Here's an example of Week 7 (the first 18-miler week):

Day Activity
MondayRest
Tuesday5 mi easy run
Wednesday10 mi total: 2 mi warm-up → 5 mi at marathon pace → 3 mi cool-down
Thursday5 mi easy run
FridayRest or cross-train (pool, bike, yoga)
Saturday5 mi easy run
Sunday18 mi long run at easy pace (practice fuel at miles 5, 10, 15)

The Taper: Weeks 14–16

The taper is the most mentally challenging part of marathon training. After months of building mileage, you suddenly run less. You'll feel sluggish, heavy, and convinced you're losing fitness. This is normal and expected.

During the taper, focus on sleep, nutrition, and hydration. These contribute more to race-day performance than extra training at this point.

After the Marathon: Recovery

The marathon takes a real toll on your body. Allow proper recovery:

Once recovered, use the race time predictor to plan your next goal. See what counts as a good marathon time for age-based benchmarks.

Related Tools & Charts

Marathon Training FAQ

How long does it take to train for a marathon?

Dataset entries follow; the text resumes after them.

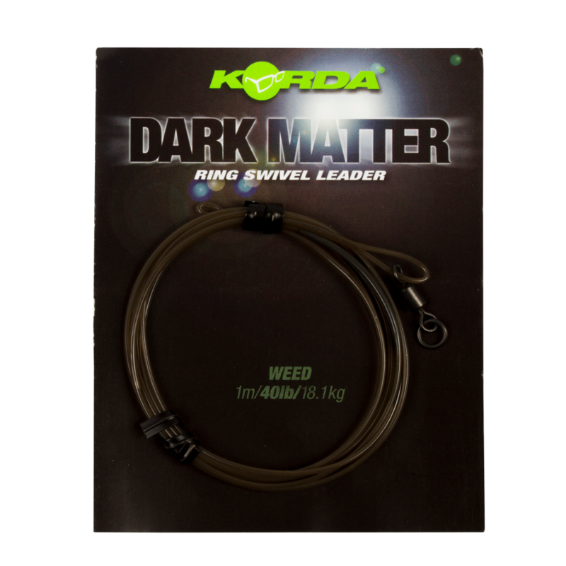 Przypony Dark Matter są praktycznie niezniszczalne. Rdzeń z wytrzymałej żyłki monofilamentowej w połączeniu z poliuretanową powłoką zapewnia im bardzo wysoką odporność na przetarcia. Pod wodą pozostają niemal niewidoczne, zgodnie z zasadą „Safe Zone” — im mniej widoczny jest zestaw końcowy, tym większa szansa na brania. Wbudowane sekcje z wolframu dociążają przypon i pomagają utrzymać go przy dnie. Seria dostępna jest w trzech wariantach: z krętlikiem typu ring swivel w rozmiarze 8, w wersji Hybrid Lead Clip oraz w konfiguracji Heli/Chod.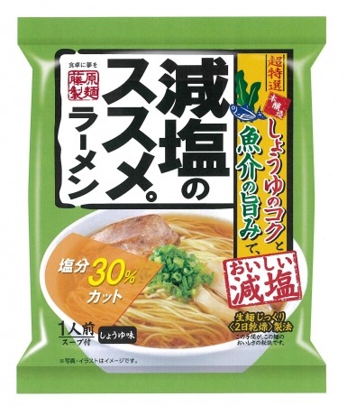 株式会社 永谷園ホールディングス(社長:永谷 泰次郎、東京都港区)のグループ会社 藤原製麺株式会社(社長:柴田 滋、北海道旭川市)は、塩分30%カット(※2)の即席袋ラーメン「減塩のススメ。ラーメン しょうゆ味1人前」(税抜147円)を2017年8月23日(水)より全国で発売いたします。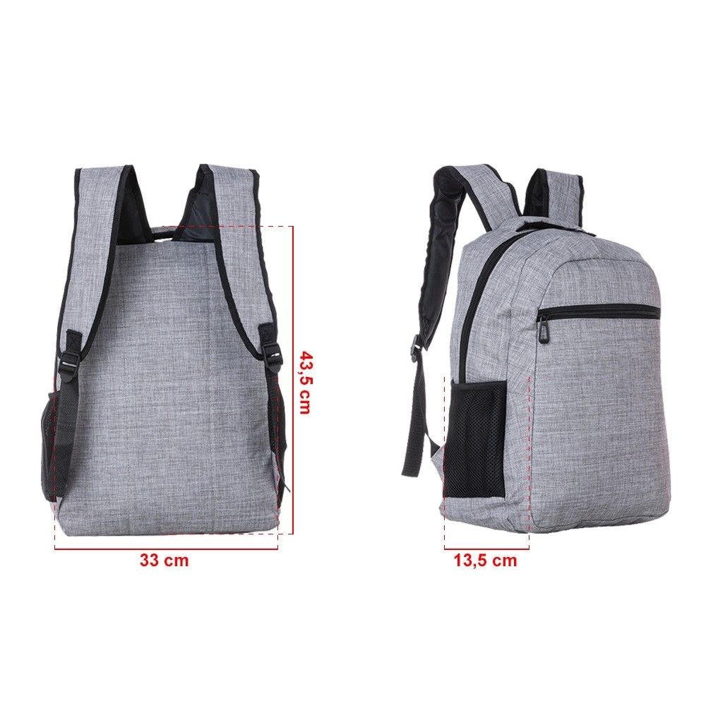Mochila confeccionada em poliéster com compartimento para notebook até 15,6 polegadas. Contém um compartimento grande, compartimento frontal e bolsos laterais em malha. Alça de mão com revestimento espumado e alças para as costas ajustáveis.

16–20 weeks is standard if you're already running 25+ miles per week. If you're starting from a 10K base, plan 6–8 months total: build to half marathon fitness first, then begin marathon-specific training. First-time marathoners should not compress below 16 weeks.

Do I need to run 26.2 miles in training?

No. Most training plans peak at 20 miles. The extra 6.2 miles on race day are covered by your taper (which leaves you rested), race-day adrenaline, and the cumulative effect of months of progressive training. Running 26+ miles in training significantly increases injury risk.

What's a realistic goal time for a first marathon?

Take your half marathon time and multiply by 2.1–2.2. A 2:00 half marathon predicts a 4:12–4:24 marathon. Use the race time predictor for a more precise estimate. For your first marathon, the only goal that matters is finishing. You can chase time targets later.

What is "the Wall" and how do I avoid it?

The Wall is the dramatic slowdown between miles 18–22 caused by depleted glycogen (stored carbohydrate). You prevent it by: (1) carb-loading for 2–3 days before the race, (2) fueling with gels every 4–5 miles during the race, and (3) not going out too fast. Runners who fuel properly and pace conservatively either avoid the Wall or experience a much milder version.

How many gels should I take during a marathon?

Plan for 4–5 gels: at miles 5, 9–10, 14–15, 19–20, and optionally 22–23. Aim for 30–60 grams of carbohydrate per hour. Always chase gels with water, not sports drink. Practice this exact protocol during your long training runs.

What if I miss a training run?

One missed run is nothing — don't try to make it up. Move on. If you miss a long run, do a slightly shorter one next weekend and resume the plan. If you miss a full week due to illness or injury, repeat that week's schedule. Consistency over 16 weeks matters much more than any single workout.

Disclaimer: Marathon training places significant demands on your body. This plan is designed for healthy adults with an established running base. Consult a doctor before beginning marathon training. This content is for informational purposes only and not a substitute for professional coaching advice.